Harga minyak naik tipis pada Kamis akibat kekhawatiran atas ketatnya pasokan global setelah ancaman tarif AS terhadap pembeli minyak Venezuela dan sanksi yang lebih dulu diterapkan terhadap pembeli minyak Iran. Sementara itu, para pelaku pasar masih menimbang dampak tarif otomotif terbaru yang diumumkan oleh Presiden AS Donald Trump.
Kontrak berjangka Brent naik 7 sen, atau 0,1%, menjadi $73,86 per barel. Sementara itu, minyak mentah West Texas Intermediate (WTI) AS naik 10 sen, atau 0,1%, ke level $69,75 per barel pada pukul 04:06 GMT.
Pada Rabu, harga minyak sempat naik sekitar 1% setelah data pemerintah AS menunjukkan penurunan stok minyak mentah dan bahan bakar pekan lalu, ditambah ancaman AS untuk mengenakan tarif pada negara-negara yang membeli minyak Venezuela.

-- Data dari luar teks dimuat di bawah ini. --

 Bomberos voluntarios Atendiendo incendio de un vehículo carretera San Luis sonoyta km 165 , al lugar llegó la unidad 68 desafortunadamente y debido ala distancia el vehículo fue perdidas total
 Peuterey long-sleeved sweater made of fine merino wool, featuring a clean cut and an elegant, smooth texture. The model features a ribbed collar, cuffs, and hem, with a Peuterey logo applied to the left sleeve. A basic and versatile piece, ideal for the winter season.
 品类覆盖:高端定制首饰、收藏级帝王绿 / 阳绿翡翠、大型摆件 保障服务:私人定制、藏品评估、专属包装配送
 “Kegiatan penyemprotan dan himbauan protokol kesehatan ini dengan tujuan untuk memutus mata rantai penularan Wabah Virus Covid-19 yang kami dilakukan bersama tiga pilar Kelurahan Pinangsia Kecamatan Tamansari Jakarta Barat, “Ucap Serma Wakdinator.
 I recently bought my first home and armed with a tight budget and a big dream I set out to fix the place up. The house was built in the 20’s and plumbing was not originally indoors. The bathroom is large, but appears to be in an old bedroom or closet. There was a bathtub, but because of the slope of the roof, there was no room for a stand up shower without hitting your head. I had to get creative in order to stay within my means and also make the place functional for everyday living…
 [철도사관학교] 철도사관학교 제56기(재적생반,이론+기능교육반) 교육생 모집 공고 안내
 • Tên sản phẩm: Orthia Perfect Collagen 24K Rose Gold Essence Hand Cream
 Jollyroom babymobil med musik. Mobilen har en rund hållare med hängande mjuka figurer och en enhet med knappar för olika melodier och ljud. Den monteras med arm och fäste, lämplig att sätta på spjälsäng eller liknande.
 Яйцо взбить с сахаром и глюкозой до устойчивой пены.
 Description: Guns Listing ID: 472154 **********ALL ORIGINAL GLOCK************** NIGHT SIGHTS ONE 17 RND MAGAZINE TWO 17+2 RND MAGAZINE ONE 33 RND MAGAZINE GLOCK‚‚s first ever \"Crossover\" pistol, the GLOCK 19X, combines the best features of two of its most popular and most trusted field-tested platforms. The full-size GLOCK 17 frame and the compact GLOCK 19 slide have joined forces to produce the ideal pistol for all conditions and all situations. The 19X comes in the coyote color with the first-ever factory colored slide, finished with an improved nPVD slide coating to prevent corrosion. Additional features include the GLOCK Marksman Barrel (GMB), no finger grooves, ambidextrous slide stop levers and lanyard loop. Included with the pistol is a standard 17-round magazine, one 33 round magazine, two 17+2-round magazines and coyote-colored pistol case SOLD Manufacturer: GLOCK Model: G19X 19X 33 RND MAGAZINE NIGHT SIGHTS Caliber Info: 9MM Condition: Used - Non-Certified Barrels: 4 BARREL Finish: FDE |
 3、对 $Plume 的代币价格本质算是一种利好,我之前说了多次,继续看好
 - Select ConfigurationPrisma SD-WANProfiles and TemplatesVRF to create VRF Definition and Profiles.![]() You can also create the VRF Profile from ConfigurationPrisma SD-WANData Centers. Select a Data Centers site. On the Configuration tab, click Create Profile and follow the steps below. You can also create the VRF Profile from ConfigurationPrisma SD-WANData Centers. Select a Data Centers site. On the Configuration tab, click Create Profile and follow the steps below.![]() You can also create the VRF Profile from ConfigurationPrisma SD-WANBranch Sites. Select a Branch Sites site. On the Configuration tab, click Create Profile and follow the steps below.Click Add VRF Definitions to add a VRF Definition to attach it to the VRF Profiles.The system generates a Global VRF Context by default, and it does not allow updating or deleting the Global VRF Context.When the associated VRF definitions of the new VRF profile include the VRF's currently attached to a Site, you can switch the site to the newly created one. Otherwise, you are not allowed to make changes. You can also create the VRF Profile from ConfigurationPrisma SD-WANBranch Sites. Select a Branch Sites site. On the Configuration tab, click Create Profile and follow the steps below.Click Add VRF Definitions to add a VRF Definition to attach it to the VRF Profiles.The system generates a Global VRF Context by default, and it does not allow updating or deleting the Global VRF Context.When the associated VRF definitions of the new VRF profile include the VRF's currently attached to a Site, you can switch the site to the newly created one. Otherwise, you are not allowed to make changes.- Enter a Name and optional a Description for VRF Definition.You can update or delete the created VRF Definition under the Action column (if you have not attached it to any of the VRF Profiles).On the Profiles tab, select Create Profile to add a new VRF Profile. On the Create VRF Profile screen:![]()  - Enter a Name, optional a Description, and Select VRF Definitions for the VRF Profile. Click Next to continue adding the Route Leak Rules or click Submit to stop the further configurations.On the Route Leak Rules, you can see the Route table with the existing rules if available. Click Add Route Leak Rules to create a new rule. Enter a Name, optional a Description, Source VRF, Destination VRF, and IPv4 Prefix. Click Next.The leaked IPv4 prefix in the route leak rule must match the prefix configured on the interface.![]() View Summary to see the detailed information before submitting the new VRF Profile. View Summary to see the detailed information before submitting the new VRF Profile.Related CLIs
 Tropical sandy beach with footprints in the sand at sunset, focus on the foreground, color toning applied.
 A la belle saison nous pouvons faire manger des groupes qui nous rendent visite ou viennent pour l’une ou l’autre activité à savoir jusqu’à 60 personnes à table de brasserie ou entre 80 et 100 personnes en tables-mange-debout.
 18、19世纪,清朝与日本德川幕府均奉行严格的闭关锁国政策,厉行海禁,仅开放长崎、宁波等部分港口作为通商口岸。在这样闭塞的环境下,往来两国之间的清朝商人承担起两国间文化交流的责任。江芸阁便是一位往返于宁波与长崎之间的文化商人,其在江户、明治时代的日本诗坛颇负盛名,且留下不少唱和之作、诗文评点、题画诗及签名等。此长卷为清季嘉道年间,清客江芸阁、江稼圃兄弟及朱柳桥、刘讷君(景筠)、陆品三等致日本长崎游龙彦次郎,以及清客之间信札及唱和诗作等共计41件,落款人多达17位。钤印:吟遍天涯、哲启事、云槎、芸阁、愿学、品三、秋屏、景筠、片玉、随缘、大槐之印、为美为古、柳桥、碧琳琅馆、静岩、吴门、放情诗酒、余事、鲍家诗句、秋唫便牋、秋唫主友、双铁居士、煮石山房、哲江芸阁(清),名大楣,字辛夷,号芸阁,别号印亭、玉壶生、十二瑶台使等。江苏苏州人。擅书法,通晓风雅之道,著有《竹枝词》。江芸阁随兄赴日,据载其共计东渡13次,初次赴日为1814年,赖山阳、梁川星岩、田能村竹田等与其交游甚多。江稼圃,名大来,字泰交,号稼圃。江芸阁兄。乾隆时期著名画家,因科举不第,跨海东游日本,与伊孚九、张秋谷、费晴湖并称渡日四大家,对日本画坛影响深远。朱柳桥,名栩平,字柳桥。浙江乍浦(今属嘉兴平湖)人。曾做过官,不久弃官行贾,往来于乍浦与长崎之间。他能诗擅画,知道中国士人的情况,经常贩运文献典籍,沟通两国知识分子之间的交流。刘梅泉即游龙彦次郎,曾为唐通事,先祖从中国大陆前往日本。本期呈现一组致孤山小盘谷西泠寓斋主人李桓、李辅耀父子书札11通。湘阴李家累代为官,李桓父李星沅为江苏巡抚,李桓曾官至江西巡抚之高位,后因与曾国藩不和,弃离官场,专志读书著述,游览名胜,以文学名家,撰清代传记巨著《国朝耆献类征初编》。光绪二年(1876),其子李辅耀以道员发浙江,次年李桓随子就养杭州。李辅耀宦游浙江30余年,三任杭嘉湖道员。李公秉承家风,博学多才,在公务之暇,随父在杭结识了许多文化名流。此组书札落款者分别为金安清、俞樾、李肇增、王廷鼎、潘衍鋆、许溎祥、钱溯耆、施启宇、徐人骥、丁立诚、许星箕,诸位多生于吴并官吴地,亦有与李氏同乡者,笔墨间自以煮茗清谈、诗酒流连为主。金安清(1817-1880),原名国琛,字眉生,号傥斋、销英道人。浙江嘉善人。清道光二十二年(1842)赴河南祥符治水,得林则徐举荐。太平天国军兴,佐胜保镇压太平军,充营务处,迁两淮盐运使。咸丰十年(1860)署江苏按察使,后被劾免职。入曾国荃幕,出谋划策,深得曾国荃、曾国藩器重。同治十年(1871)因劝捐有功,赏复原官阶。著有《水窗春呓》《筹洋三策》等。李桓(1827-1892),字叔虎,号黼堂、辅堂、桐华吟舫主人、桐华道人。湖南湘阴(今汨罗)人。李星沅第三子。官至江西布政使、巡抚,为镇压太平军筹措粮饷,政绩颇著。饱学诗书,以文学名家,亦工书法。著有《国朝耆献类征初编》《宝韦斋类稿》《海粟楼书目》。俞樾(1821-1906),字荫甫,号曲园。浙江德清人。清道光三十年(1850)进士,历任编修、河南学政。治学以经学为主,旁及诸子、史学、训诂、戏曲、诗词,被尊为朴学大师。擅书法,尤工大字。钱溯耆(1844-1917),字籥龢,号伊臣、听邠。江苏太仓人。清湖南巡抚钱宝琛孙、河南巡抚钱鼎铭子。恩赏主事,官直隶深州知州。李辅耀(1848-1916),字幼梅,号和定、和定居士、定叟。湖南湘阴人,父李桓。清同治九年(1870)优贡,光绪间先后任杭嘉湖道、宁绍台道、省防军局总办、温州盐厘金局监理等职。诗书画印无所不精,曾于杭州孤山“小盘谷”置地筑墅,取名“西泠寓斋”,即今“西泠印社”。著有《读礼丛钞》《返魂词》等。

"Kenaikan harga baru-baru ini tampaknya memperhitungkan isu tarif terhadap pembeli minyak Venezuela. Kami telah lama menyatakan bahwa kebijakan Trump terhadap Iran dan Venezuela menjadi risiko terbesar bagi lonjakan harga minyak, dan saat ini hal itu mulai terlihat," kata Suvro Sarkar, kepala sektor energi di DBS Bank.
Sumber industri menyebutkan bahwa Reliance Industries, operator kompleks penyulingan terbesar di dunia yang berbasis di India, akan menghentikan impor minyak Venezuela setelah pengumuman tarif tersebut.
Namun, menurut Sarkar, DBS tidak memperkirakan harga minyak akan kembali ke level tertinggi yang terlihat pada awal 2025. Ia menekankan bahwa ketidakpastian kebijakan AS dan perang tarif berpotensi kembali mengguncang pasar di masa mendatang.
Di sisi lain, pelaku pasar juga tengah mengevaluasi dampak tarif 25% yang diberlakukan Trump terhadap mobil dan truk ringan impor mulai pekan depan. Meskipun kebijakan ini dapat meningkatkan harga kendaraan dan berpotensi mengurangi permintaan minyak, ada juga pandangan bahwa kebijakan ini justru bisa memperlambat peralihan ke kendaraan ramah lingkungan.
"Berita tentang tarif otomotif Trump bisa menjadi keuntungan bersih bagi minyak mentah, karena kenaikan harga mobil baru akibat tarif ini akan memperlambat peralihan ke model yang lebih hemat bahan bakar," ujar Tony Sycamore, analis pasar di IG.
Sementara itu, survei Federal Reserve Dallas menunjukkan bahwa aktivitas minyak dan gas AS sedikit meningkat pada kuartal pertama, tetapi para eksekutif energi tetap pesimis terhadap prospek sektor ini. Kebijakan tarif Trump terhadap baja dan aluminium juga dikhawatirkan akan meningkatkan biaya pengeboran serta konstruksi pipa, yang berpotensi menekan industri energi dalam jangka panjang.